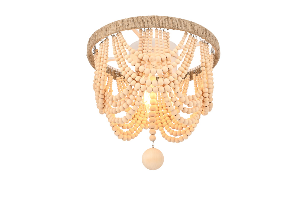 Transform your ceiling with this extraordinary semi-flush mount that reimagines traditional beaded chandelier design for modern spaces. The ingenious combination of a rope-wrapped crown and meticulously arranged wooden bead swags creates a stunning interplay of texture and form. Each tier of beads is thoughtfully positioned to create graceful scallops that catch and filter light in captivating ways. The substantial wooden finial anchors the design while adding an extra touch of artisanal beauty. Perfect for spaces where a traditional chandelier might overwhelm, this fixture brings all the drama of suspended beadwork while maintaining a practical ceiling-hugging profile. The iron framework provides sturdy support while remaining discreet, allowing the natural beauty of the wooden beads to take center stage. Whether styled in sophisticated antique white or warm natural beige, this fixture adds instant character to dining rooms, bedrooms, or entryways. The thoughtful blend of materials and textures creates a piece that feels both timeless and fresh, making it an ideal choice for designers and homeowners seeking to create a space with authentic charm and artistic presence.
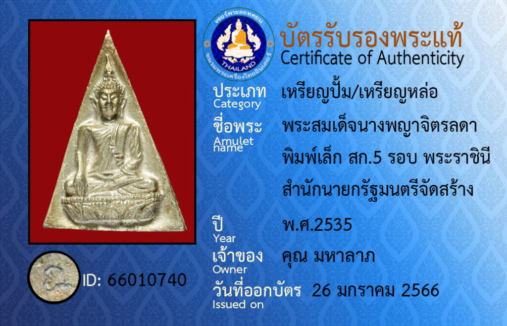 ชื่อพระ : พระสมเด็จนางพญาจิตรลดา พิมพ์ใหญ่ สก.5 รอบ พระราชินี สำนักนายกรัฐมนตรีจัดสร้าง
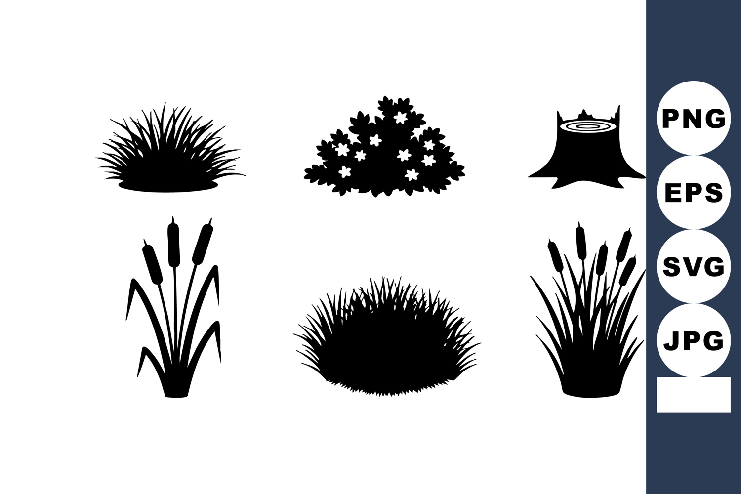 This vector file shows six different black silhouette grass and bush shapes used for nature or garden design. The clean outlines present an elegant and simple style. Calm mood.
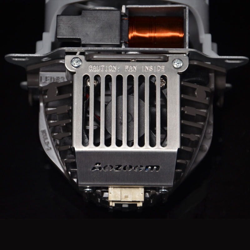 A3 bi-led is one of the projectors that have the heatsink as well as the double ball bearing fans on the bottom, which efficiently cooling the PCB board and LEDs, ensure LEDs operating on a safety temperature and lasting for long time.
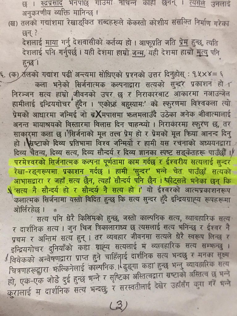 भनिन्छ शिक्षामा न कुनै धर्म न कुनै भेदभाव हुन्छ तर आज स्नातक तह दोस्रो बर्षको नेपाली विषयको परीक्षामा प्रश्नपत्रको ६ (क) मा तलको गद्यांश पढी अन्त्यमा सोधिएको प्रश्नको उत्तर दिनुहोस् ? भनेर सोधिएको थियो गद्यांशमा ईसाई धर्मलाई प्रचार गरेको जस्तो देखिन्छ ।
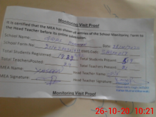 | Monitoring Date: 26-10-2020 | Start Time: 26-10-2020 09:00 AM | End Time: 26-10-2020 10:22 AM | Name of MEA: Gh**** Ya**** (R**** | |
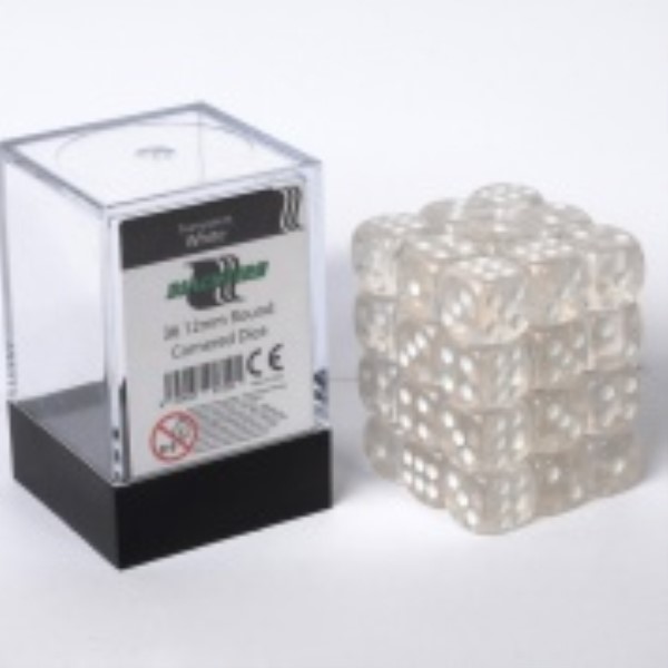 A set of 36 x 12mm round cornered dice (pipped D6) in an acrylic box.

## WORK REQUIRED
Repeat verbatim the lines from the one with "A3 bi-led is" through the end of the listing above. Include both ends, add nothing, and exclude the pictures.

## ANSWER SPACE
 A3 bi-led is one of the projectors that have the heatsink as well as the double ball bearing fans on the bottom, which efficiently cooling the PCB board and LEDs, ensure LEDs operating on a safety temperature and lasting for long time.
 भनिन्छ शिक्षामा न कुनै धर्म न कुनै भेदभाव हुन्छ तर आज स्नातक तह दोस्रो बर्षको नेपाली विषयको परीक्षामा प्रश्नपत्रको ६ (क) मा तलको गद्यांश पढी अन्त्यमा सोधिएको प्रश्नको उत्तर दिनुहोस् ? भनेर सोधिएको थियो गद्यांशमा ईसाई धर्मलाई प्रचार गरेको जस्तो देखिन्छ ।
 | Monitoring Date: 26-10-2020 | Start Time: 26-10-2020 09:00 AM | End Time: 26-10-2020 10:22 AM | Name of MEA: Gh**** Ya**** (R**** | |
 A set of 36 x 12mm round cornered dice (pipped D6) in an acrylic box.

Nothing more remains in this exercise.